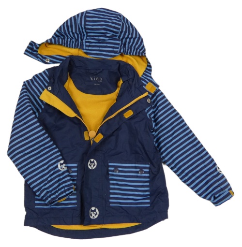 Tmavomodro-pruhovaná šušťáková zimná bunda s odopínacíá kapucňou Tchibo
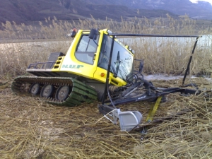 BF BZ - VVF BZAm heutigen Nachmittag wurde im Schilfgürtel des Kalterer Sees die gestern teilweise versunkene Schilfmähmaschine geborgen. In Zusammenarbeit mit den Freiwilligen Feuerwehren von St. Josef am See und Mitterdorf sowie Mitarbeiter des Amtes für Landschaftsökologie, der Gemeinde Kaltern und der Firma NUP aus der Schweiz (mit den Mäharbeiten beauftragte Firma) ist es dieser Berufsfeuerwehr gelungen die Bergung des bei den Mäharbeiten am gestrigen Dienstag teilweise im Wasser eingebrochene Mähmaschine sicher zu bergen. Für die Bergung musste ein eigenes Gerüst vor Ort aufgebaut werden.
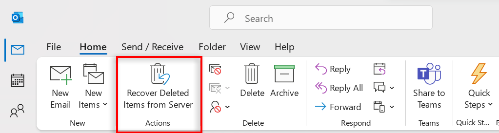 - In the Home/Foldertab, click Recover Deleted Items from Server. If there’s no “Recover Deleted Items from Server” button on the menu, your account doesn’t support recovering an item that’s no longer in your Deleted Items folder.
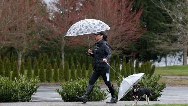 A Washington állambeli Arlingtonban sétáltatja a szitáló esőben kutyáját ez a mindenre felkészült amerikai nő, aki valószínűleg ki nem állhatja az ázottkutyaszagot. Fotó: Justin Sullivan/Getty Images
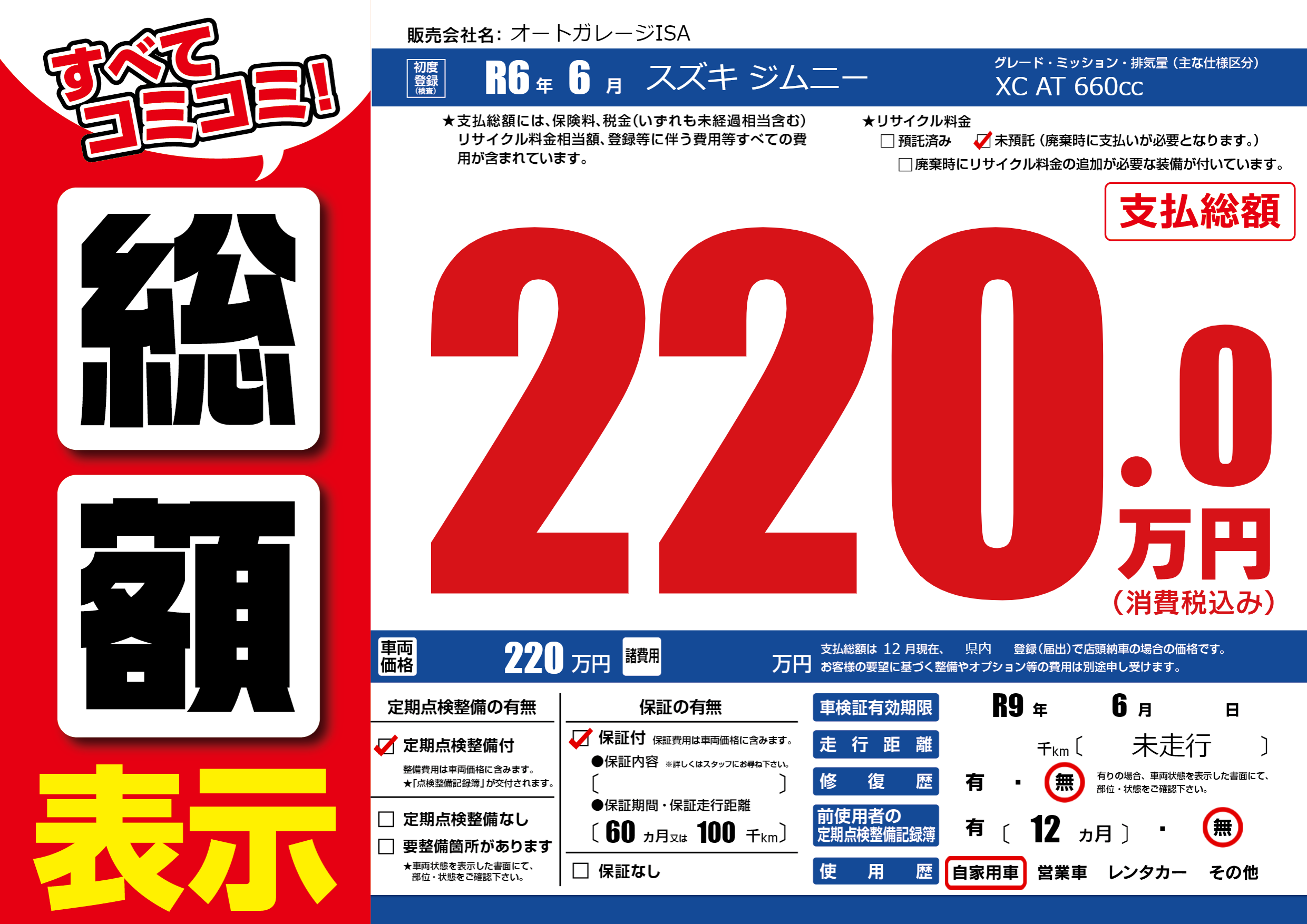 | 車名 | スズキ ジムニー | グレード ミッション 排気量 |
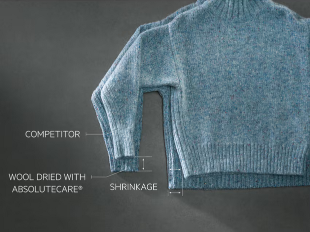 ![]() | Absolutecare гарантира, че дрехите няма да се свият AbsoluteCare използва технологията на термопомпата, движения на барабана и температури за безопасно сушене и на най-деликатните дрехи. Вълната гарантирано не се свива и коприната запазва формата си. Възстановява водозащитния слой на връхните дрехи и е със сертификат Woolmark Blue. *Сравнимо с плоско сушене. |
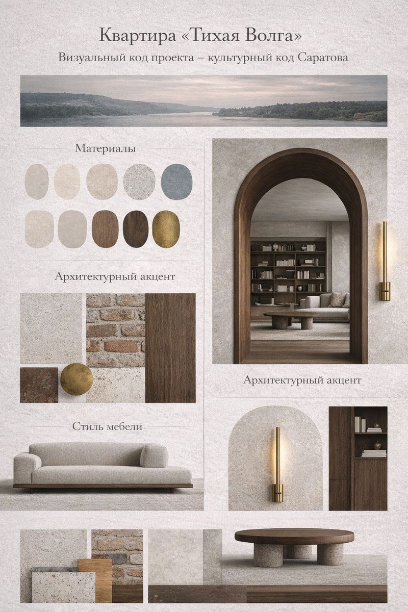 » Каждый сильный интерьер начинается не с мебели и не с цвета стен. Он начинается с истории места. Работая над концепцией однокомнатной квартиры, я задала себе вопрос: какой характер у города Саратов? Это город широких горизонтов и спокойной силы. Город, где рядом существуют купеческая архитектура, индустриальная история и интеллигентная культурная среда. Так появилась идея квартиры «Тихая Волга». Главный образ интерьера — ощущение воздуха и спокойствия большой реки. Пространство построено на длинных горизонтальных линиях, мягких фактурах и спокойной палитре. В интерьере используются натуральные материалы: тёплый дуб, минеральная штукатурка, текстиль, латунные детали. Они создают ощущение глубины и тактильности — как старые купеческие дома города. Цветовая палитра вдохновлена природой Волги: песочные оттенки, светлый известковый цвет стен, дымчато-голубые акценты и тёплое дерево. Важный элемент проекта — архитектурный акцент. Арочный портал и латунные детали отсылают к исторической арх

------------

- _What to do_: When you reach the line holding "- In the Home/Foldertab, click" in the listing above, begin retyping exactly, and stop once the line holding "плоско сушене. |" is done; pictures stay out.

- _Output for this exercise_:
 - In the Home/Foldertab, click Recover Deleted Items from Server. If there’s no “Recover Deleted Items from Server” button on the menu, your account doesn’t support recovering an item that’s no longer in your Deleted Items folder.
 A Washington állambeli Arlingtonban sétáltatja a szitáló esőben kutyáját ez a mindenre felkészült amerikai nő, aki valószínűleg ki nem állhatja az ázottkutyaszagot. Fotó: Justin Sullivan/Getty Images
 | 車名 | スズキ ジムニー | グレード ミッション 排気量 |
 ![]() | Absolutecare гарантира, че дрехите няма да се свият AbsoluteCare използва технологията на термопомпата, движения на барабана и температури за безопасно сушене и на най-деликатните дрехи. Вълната гарантирано не се свива и коприната запазва формата си. Възстановява водозащитния слой на връхните дрехи и е със сертификат Woolmark Blue. *Сравнимо с плоско сушене. |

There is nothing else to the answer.